Two summers ago, I worked as a technician in the local computer store, Computer Service Center, in my old hometown. They paid me seven bucks an hour. I lightened their summer load, and let the regular technicians have more time off. I really had no problem with the arrangement. The technicians were friendly folk, and after the initial culture shock (a KID works here now?) we got to know one another fairly well.

During the summer, I had conversations with the owner, one Lonny Terry. Now, people's philosophies on life have always interested me. Lonny revealed a part of his, one day, when I had made a conversational faux pais with a customer. "Life is a sale," he told me, "you have to be the marketer of a product, an idea, of yourself."
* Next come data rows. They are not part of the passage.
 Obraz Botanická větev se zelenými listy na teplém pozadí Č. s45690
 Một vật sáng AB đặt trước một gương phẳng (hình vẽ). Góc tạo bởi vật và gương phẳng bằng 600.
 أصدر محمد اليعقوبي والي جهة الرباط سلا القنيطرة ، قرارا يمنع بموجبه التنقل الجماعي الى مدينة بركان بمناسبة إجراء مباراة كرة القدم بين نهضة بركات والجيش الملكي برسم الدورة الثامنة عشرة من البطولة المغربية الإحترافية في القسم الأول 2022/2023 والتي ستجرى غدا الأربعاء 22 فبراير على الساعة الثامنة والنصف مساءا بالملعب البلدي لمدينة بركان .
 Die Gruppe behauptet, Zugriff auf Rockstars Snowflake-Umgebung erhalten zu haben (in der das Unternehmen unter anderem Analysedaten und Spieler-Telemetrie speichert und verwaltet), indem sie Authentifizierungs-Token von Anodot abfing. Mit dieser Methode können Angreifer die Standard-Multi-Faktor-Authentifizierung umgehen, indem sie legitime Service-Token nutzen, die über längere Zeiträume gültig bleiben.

He was talking about my failure to convince a customer to remain in the store by answering their question too, uh, bluntly. "When you want a job, what do you sell? Yourself. You've got to make it clear that it is in another person or institution's interests to have your help," he continued, "and there's truly no other human or polite way to treat a person." He was right. It would be quite depraved to, like a child, demand that another pay heed to my wishes without offering something in return. Children demand; adults trade. A trade not in the sense of a phony car salesman, but as an honest human being, treating another person as a human being, laying one's cards on the table and playing fair, shaking hands.
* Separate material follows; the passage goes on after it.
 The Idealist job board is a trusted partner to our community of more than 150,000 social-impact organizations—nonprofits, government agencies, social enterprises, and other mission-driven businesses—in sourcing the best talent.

That summer, I learned the cool art of trade.

During the summer, I consulted the alpha tech for advice, one Brian Fleming. Now, people's philosophies on life have always intrigued me. Brian revealed a part of his, one day, when I asked for his help repairing a Packard Bell. Anyone who has worked on computers has thanked their respective deity for the implosion of the company. Packard Bells have always been notorious for their cheapness and the difficulty one must go through to repair them.

The particular model was shaped like a rhombus with the larger base sitting on the table, obscuring the motherboard. I had spent around fifteen minutes (a long time, in a computer store) trying to push a wire into the oblique end, failing. He walked over, took one look at the problem, ushered me aside, and set to work. Instead of daintily inserting his hand into the case, he gave it no such delicacy. Brian jammed his hand into the computer. He didn't worry about the grime on his hand or the pain from the casing. In under a minute, the wire was in place, and Brian turned to me, and said,

"Sometimes, you've just gotta do it."

I like that philosophy. So, one summer ago I worked as a research assistant for a Clemson University computer science professor. I just did the work, and I made it applicable to any computer science experiment. It was an experience in applied philosophy.